INSTRUCTIONS FOR THE TASK: Write the records out again without change. Leave the pictures behind.

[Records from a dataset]

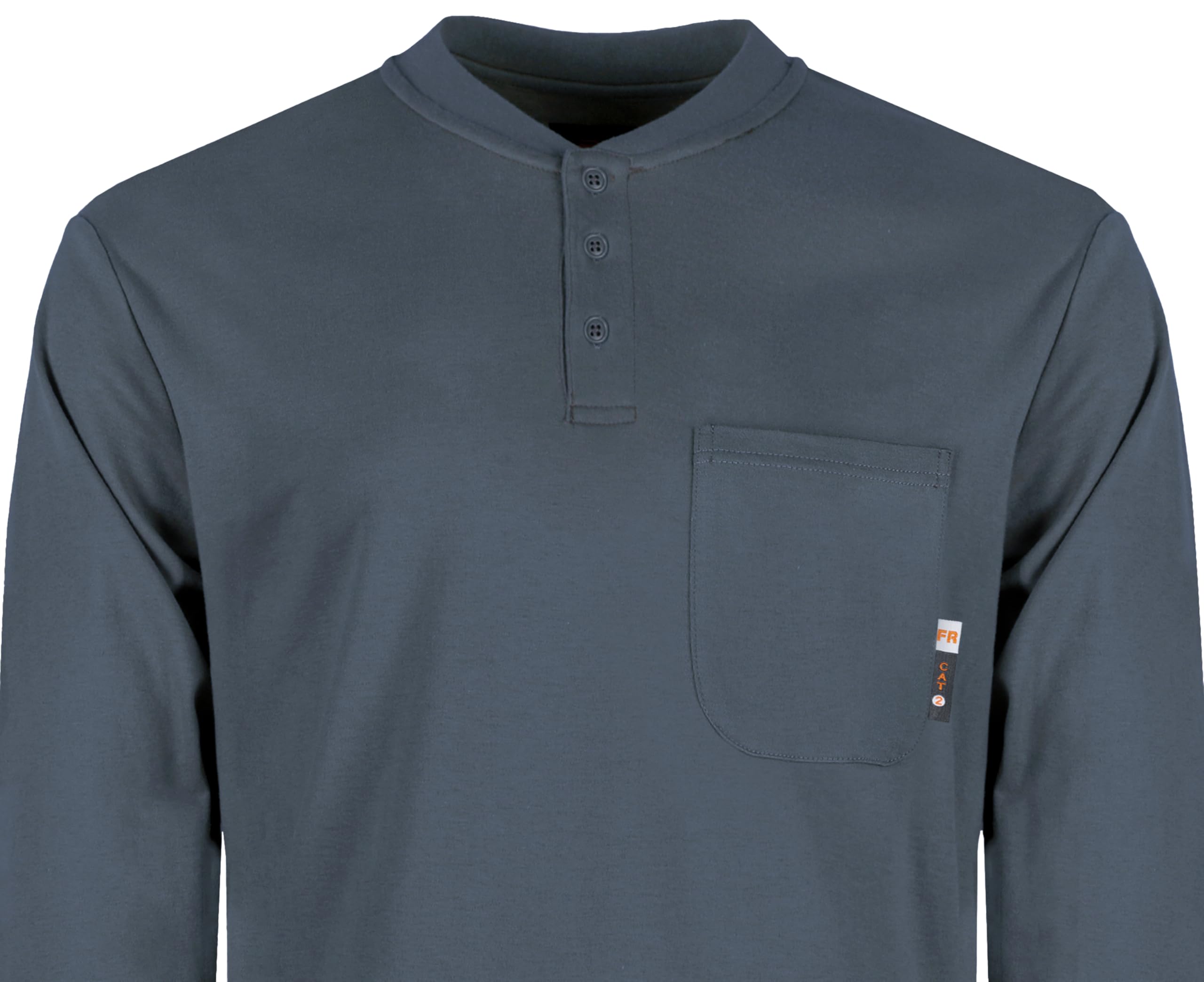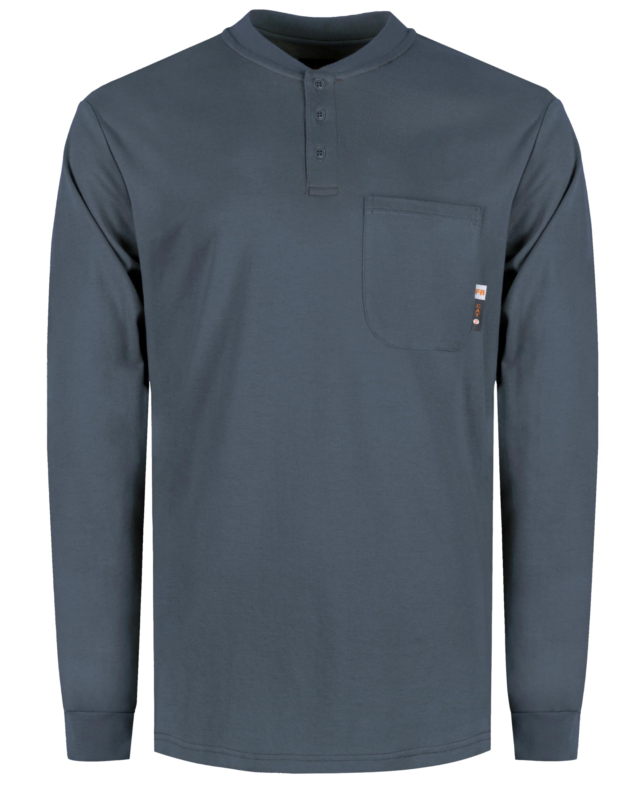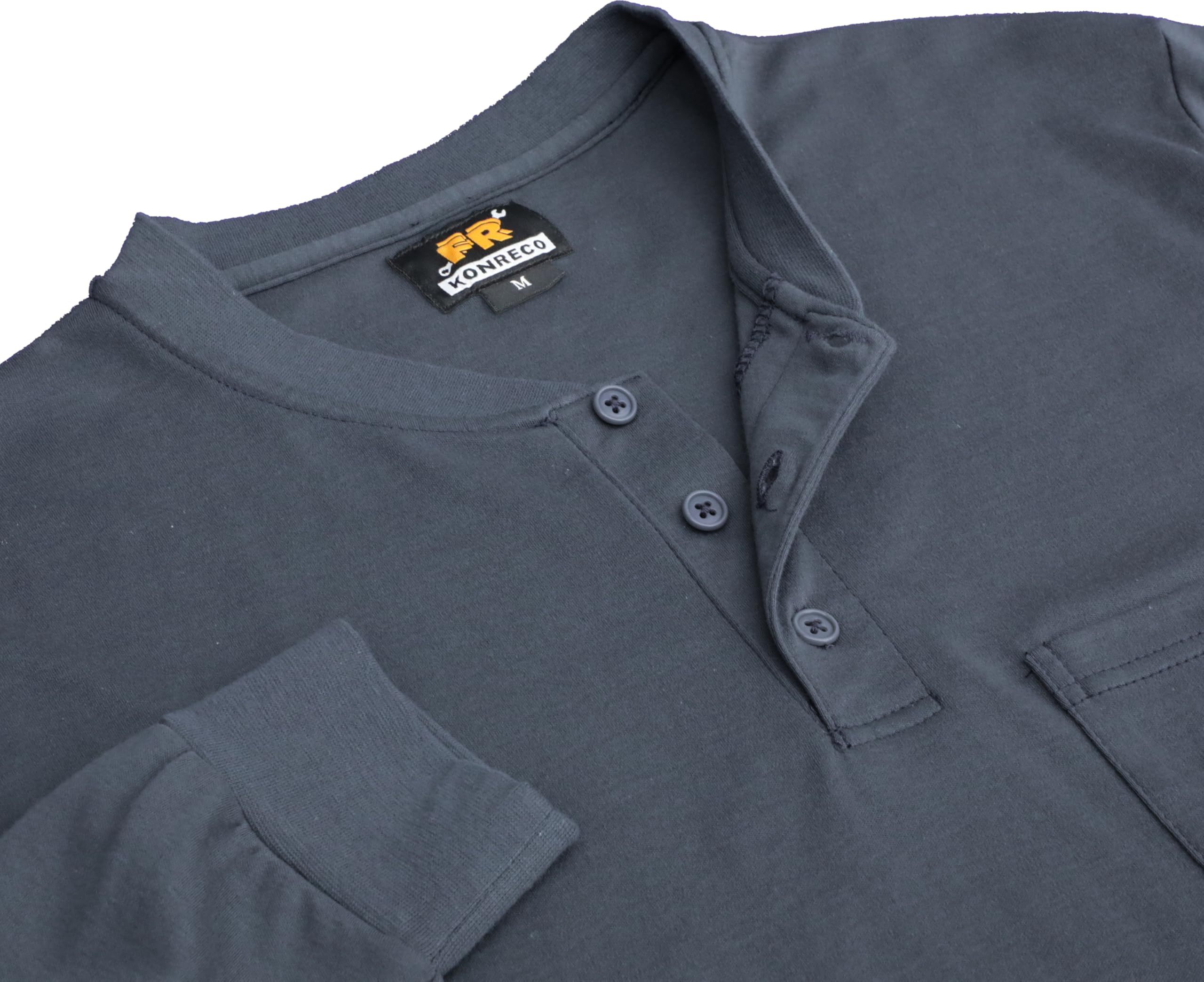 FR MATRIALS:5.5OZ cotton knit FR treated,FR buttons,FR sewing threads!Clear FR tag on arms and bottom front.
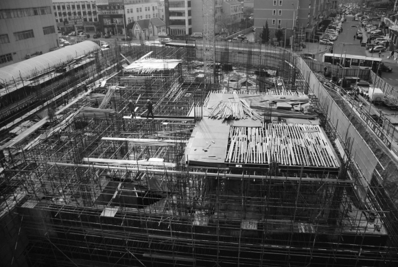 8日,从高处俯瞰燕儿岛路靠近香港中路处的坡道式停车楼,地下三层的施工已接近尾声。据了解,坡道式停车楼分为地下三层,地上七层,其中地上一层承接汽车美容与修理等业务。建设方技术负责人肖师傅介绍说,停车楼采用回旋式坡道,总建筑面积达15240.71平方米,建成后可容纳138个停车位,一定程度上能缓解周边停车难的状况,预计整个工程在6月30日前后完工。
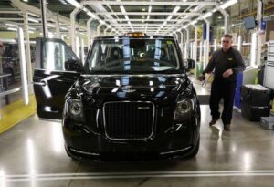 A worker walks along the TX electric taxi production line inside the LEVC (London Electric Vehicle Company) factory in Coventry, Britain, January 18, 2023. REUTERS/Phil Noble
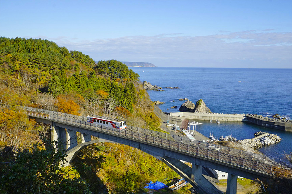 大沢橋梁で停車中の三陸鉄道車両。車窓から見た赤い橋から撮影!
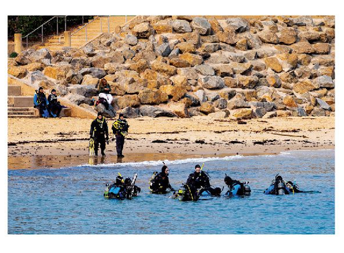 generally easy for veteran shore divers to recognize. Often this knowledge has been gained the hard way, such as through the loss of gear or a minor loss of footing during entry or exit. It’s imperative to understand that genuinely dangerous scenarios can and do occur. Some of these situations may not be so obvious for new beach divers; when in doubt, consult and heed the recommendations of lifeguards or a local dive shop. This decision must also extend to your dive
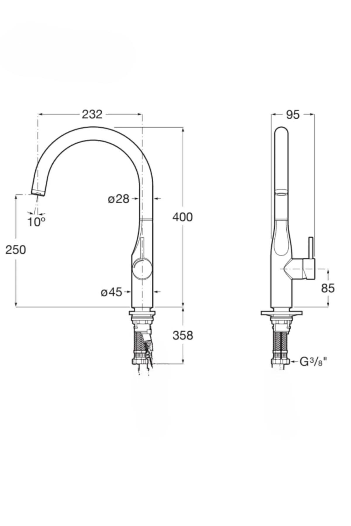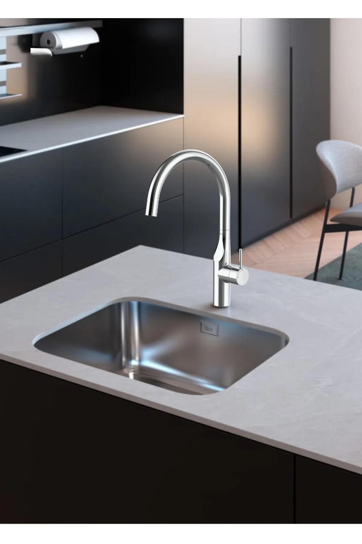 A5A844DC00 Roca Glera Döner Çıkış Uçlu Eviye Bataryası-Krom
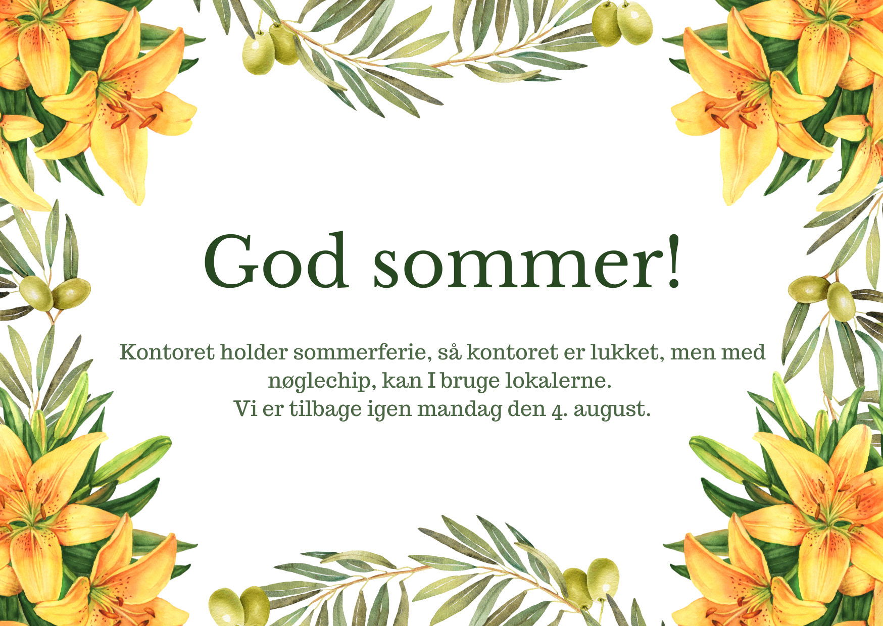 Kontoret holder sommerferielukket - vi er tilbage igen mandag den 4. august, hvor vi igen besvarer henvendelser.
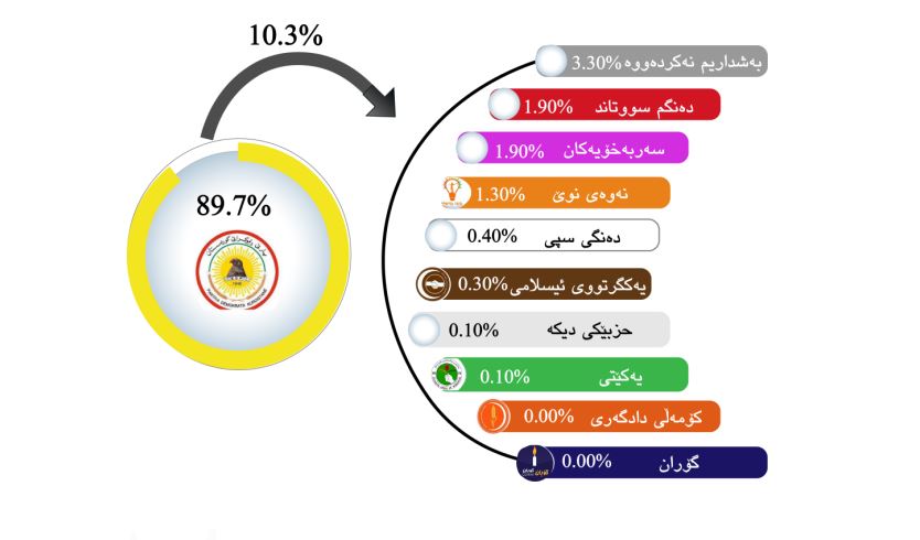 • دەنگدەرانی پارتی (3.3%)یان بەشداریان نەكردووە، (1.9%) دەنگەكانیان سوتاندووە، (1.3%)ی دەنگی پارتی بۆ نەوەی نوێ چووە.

RESULT OF THE TASK:
 FR MATRIALS:5.5OZ cotton knit FR treated,FR buttons,FR sewing threads!Clear FR tag on arms and bottom front.
 8日,从高处俯瞰燕儿岛路靠近香港中路处的坡道式停车楼,地下三层的施工已接近尾声。据了解,坡道式停车楼分为地下三层,地上七层,其中地上一层承接汽车美容与修理等业务。建设方技术负责人肖师傅介绍说,停车楼采用回旋式坡道,总建筑面积达15240.71平方米,建成后可容纳138个停车位,一定程度上能缓解周边停车难的状况,预计整个工程在6月30日前后完工。
 A worker walks along the TX electric taxi production line inside the LEVC (London Electric Vehicle Company) factory in Coventry, Britain, January 18, 2023. REUTERS/Phil Noble
 大沢橋梁で停車中の三陸鉄道車両。車窓から見た赤い橋から撮影!
 generally easy for veteran shore divers to recognize. Often this knowledge has been gained the hard way, such as through the loss of gear or a minor loss of footing during entry or exit. It’s imperative to understand that genuinely dangerous scenarios can and do occur. Some of these situations may not be so obvious for new beach divers; when in doubt, consult and heed the recommendations of lifeguards or a local dive shop. This decision must also extend to your dive
 A5A844DC00 Roca Glera Döner Çıkış Uçlu Eviye Bataryası-Krom
 Kontoret holder sommerferielukket - vi er tilbage igen mandag den 4. august, hvor vi igen besvarer henvendelser.
 • دەنگدەرانی پارتی (3.3%)یان بەشداریان نەكردووە، (1.9%) دەنگەكانیان سوتاندووە، (1.3%)ی دەنگی پارتی بۆ نەوەی نوێ چووە.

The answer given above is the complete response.